I'm listening!! :lol: Man.. 3 head lights.. 4 tail lights, and a shark fin too?? Bring it on!! :thumbsup::thumbsup:


----------



## Dslot (Sep 2, 2007)

slotcarman12078 said:


> I'm listening!! :lol: Man.. 3 head lights.. 4 tail lights, and a shark fin too?? Bring it on!! :thumbsup::thumbsup:


Y'know, Joe. I think that third headlight swiveled with the steering wheel to light up the curve you were entering. Heh, heh. :devil:

Or was that just the Tucker and Citroen?

-- D


----------



## Dslot (Sep 2, 2007)

> Y'know, Joe. I think that third headlight swiveled with the steering wheel to light up the curve you were entering. Heh, heh. :devil:


A quick web-check seems to indicate that the third eye *did* swivel in at least some of the Tatra models.

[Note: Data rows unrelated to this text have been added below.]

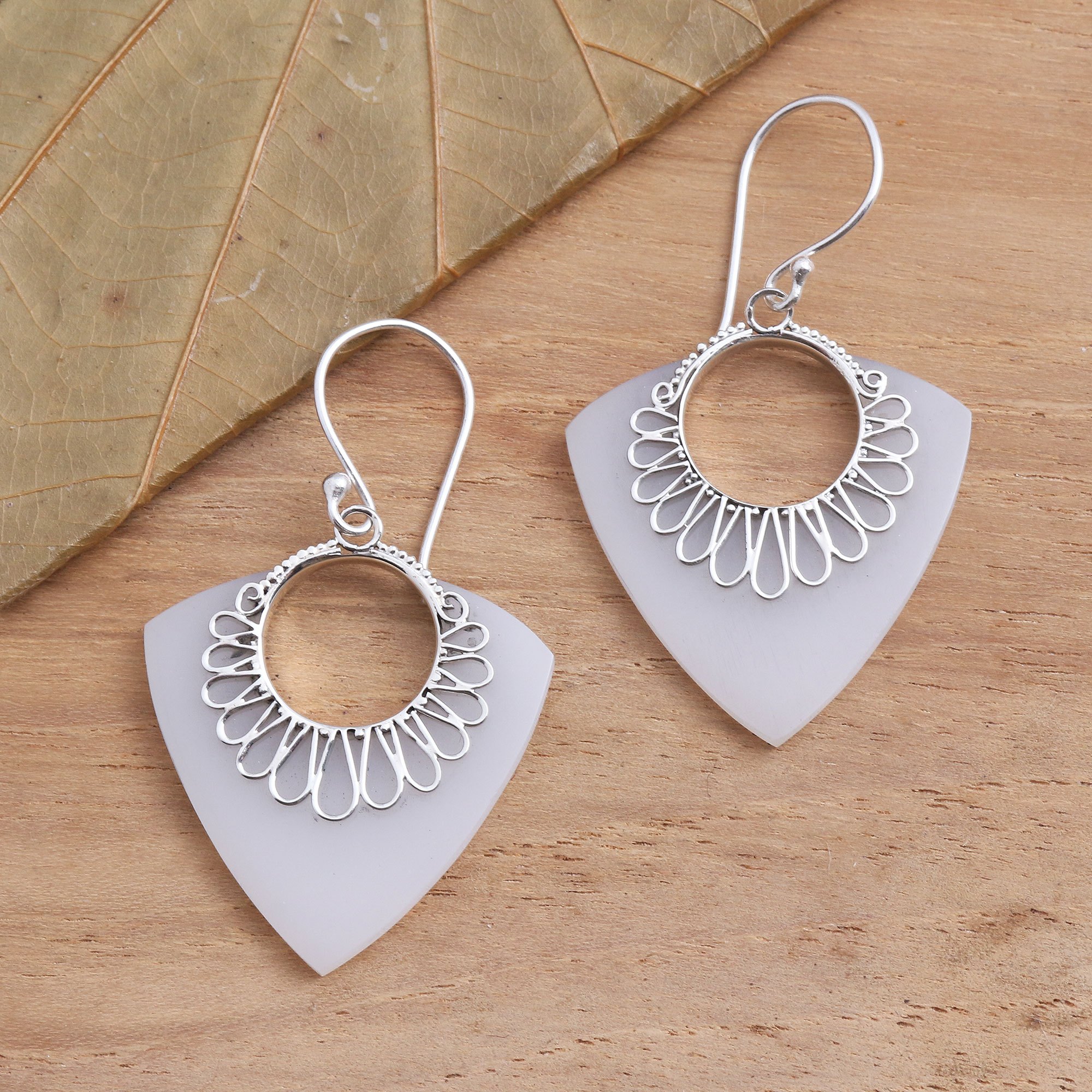 Growing up in the renowned silversmithing village of Celuk in Bali, artisan Kadek Satya was exposed to jewelry making from an early age. Here she presents an original earring design, featuring smooth arrow shapes made of resin that are set in sterling silver wire bezels shaped like flower petals. The earrings swing from sterling silver hooks.
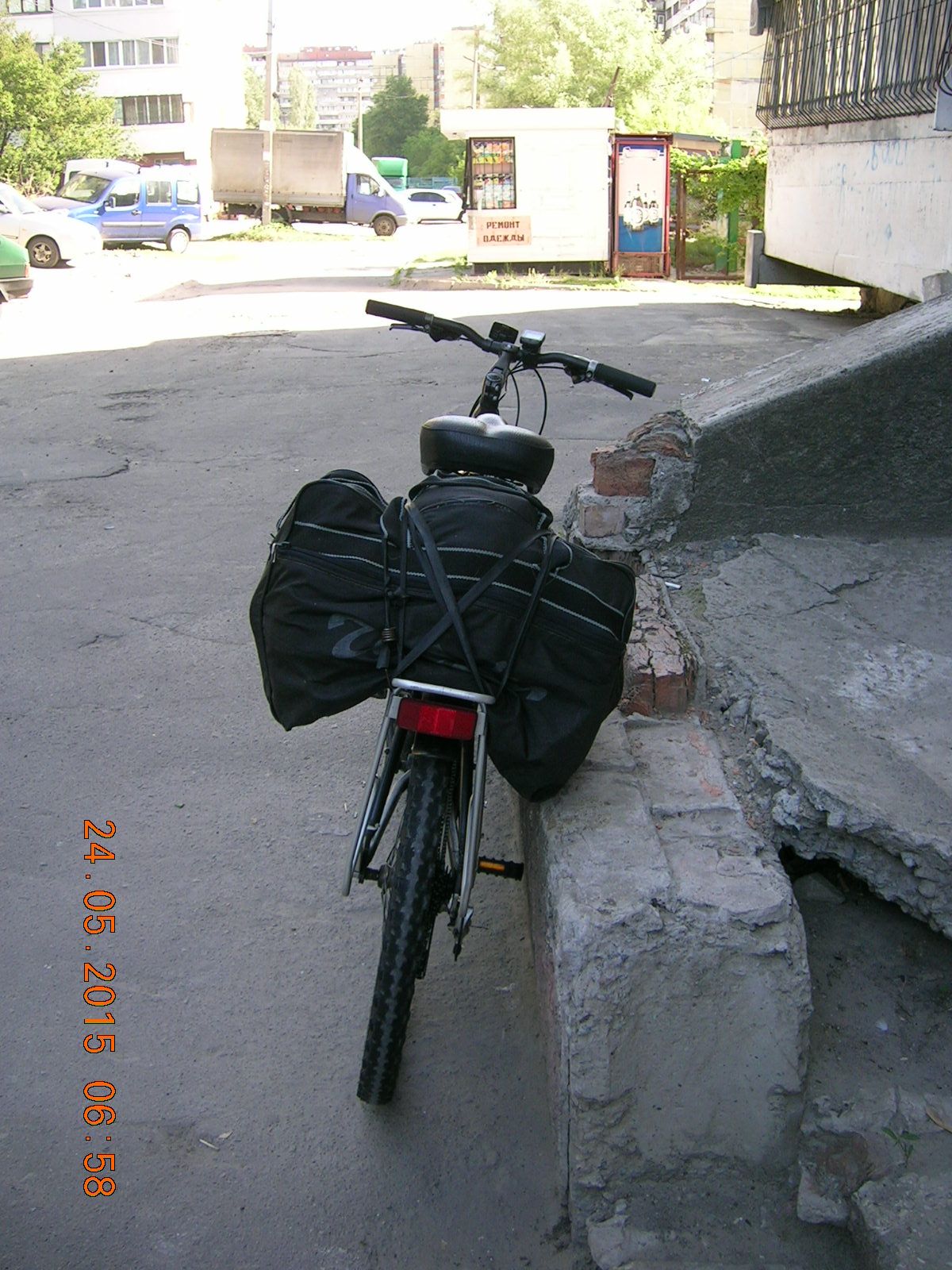 Лезу в кладовую, извлекаю свой велобаул. Ещё брезентовую самоделку
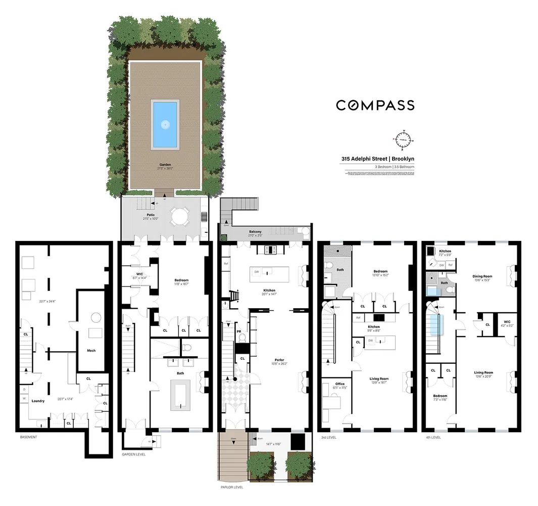 Begin with...This stately 22-foot-wide brownstone at 315 Adelphi Street offers nearly 4,000 square feet of living space and a rare mix of historic character, thoughtful updates, and strong rental income. Built in 1867 as part of a row of Italianate-style homes, it sits on one of Fort Greene’s most beloved tree-lined blocks and is configured as a legal three-family with an owner’s lower duplex and two renovated floor-through apartments above. Keep as is or convert to a magnificent single family home.
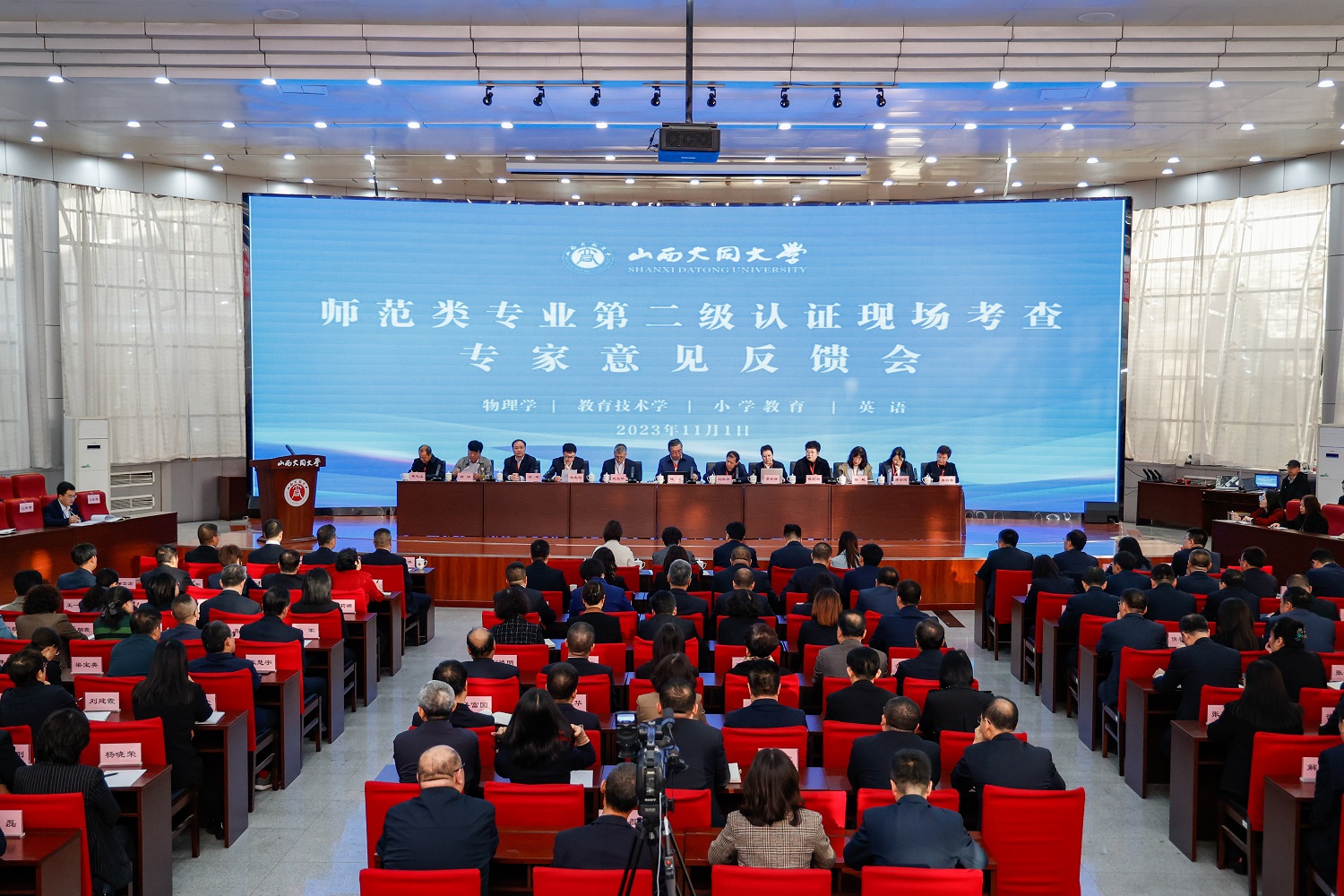 10月30日上午,專(zhuān)家見(jiàn)面會(huì)在慎思樓報(bào)告廳舉行。聯(lián)合認(rèn)證專(zhuān)家組組長(zhǎng)、小學(xué)教育專(zhuān)業(yè)專(zhuān)家組組長(zhǎng)、江蘇師范大學(xué)原副校長(zhǎng)錢(qián)進(jìn),英語(yǔ)專(zhuān)業(yè)專(zhuān)家組組長(zhǎng)、西南大學(xué)國(guó)際學(xué)院院長(zhǎng)劉承宇,教育技術(shù)學(xué)專(zhuān)業(yè)專(zhuān)家組組長(zhǎng)、東北師范大學(xué)教務(wù)處副處長(zhǎng)趙長(zhǎng)明,物理學(xué)專(zhuān)業(yè)專(zhuān)家組組長(zhǎng)、云南師范大學(xué)評(píng)估中心原主任、本科教學(xué)督導(dǎo)團(tuán)團(tuán)長(zhǎng)畢先均等16位專(zhuān)家,山西省委教育工作委員會(huì)主持日常工作的副書(shū)記(正廳長(zhǎng)級(jí))、省教育廳黨組成員楊軍,山西省教育廳教師工作處副處長(zhǎng)李鵬,山西教育雜志社主編王剛,大同市政府副秘書(shū)長(zhǎng)曹暉,大同市委教育工作委員會(huì)委員、市教育局黨組成員、總督學(xué)李文麗,全體校領(lǐng)導(dǎo)出席會(huì)議。相關(guān)職能部門(mén)負(fù)責(zé)人、認(rèn)證專(zhuān)業(yè)所在學(xué)院班子全體成員及專(zhuān)業(yè)負(fù)責(zé)人、其他師范類(lèi)專(zhuān)業(yè)所在學(xué)院黨政負(fù)責(zé)人參加會(huì)議。
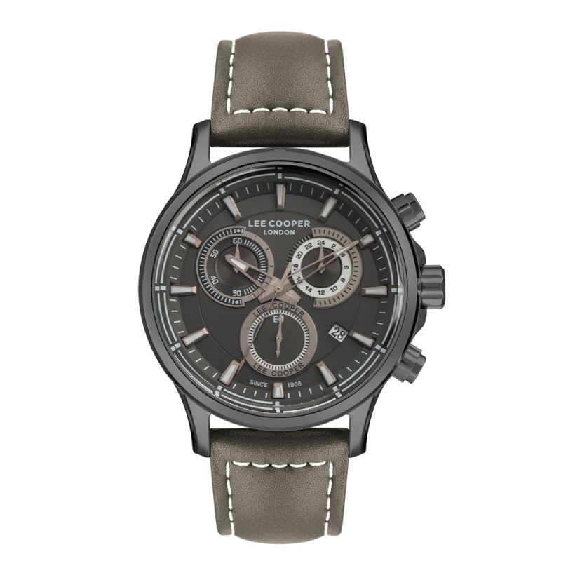 Класически модел мъжки часовник Lee Cooper със сиво-кафяв дисплей тип хронограф. Корпус изработен от супер метал. Каишка от естествена кожа. Стъкло минерал-кристал. Кварцов механизъм. Водоустойчивост 5 ATM - допускат се леки пръски и взимане на душ, не се препоръчва обилно мокрене.
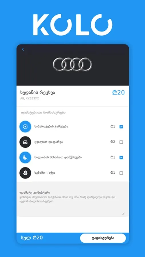 Customers no longer need to search for free service centers, stand in traffic jams or wait in lines. We make car wash, dry cleaning or even oil replacement easier with the KOLO app. Our professional valets will pick up and return the car while the customer is at work or even resting at home with their family.
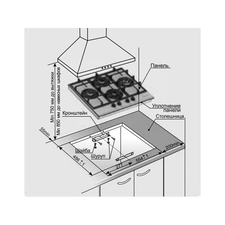 - Размеры ниши для встраивания (В*Ш*Г) х55.4х48.6
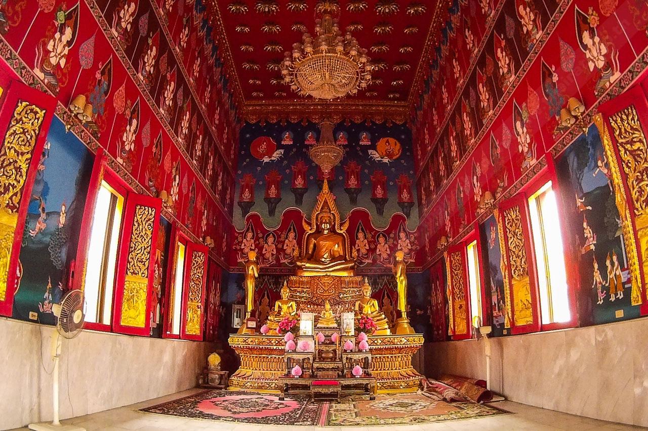 ด้านในโบสถ์ก็สวยงามเช่นกัน มีพระประธานหล่อทองประดิษฐานให้ไหว้สักการะบูชา และรอบๆ ก็มีภาพจิตรกรรมฝาผนังที่สวยงามน่าชม ใครอยากไปเวียนเทียนพร้อมชมอุโบสถสวยๆ แนะนำวัดนี้เลย
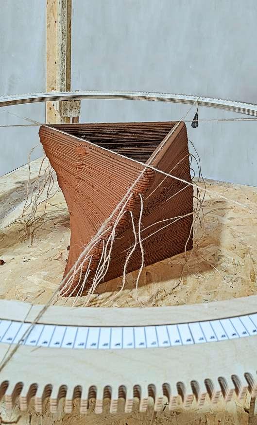 The traditional earth architectures have many reinforcement ways such as mixing short fibers with earth, using wooden frames and so on.The mixing fiber with earth is the most common way to improve material strength.. The wooden frame with an earth wall is also a great way for reinforcing earth architecture. These methods are for reinforcing to tensile force because the earth wall is weak to horizontal forces. However, for 3d printing architecture, we need to find different ways for reinforcement because of different construction processes with traditional earth architecture. So this research is focused on how 3d earth printing can be reinforced for constructing.
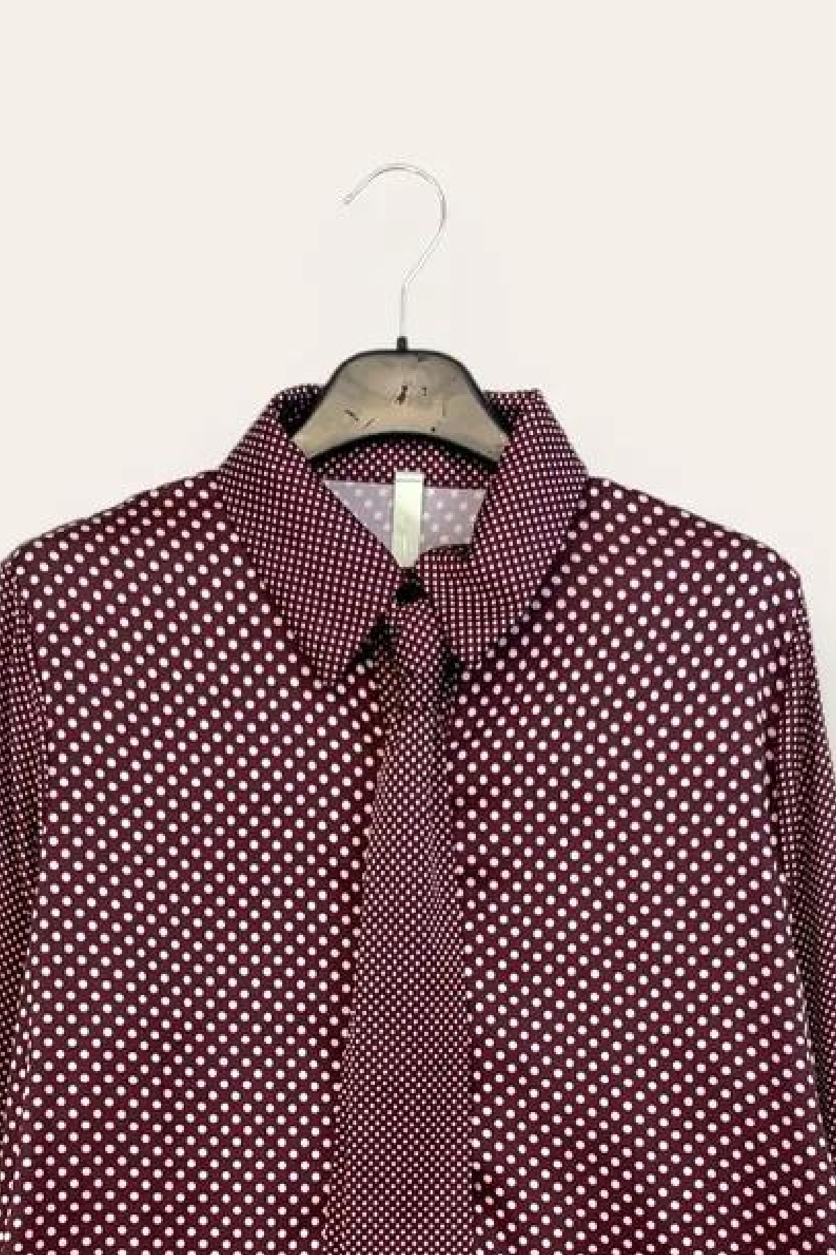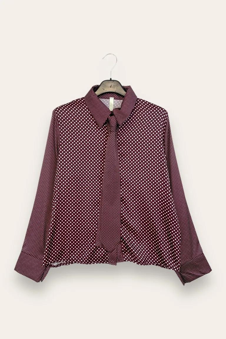 Camicia a pois con cravatta e profilo a contrasto con pois piccole

Actually that wouldn't be too hard to do. Swivel the LED right at the LED body. Run a long stiff wire from the LED, back over the chassis and into the passenger compartment. Put a piece of round lead shot at the end of the wire, and center it with a light centering spring, and -- Behold!!! The car hits the curve and moves left; centrifugal force throws the shot to the right side which swivels the headlight left into the curve. On the straight, the centering spring brings it back to straight ahead. Amaze your friends!

If you want to take it over the top, use *two* bits of shot and place them right behind the windshield. Paint them like human heads, and add shoulders of putty under them - now the driver and passenger sway left and right with the car's movements, too. :tongue:

-- D


----------



## slotcarman12078 (Oct 3, 2008)

:freak: Having a hard time wrapping my mind around that concept! :lol: Maybe if I had better eyes and way smaller fingers... :tongue:


----------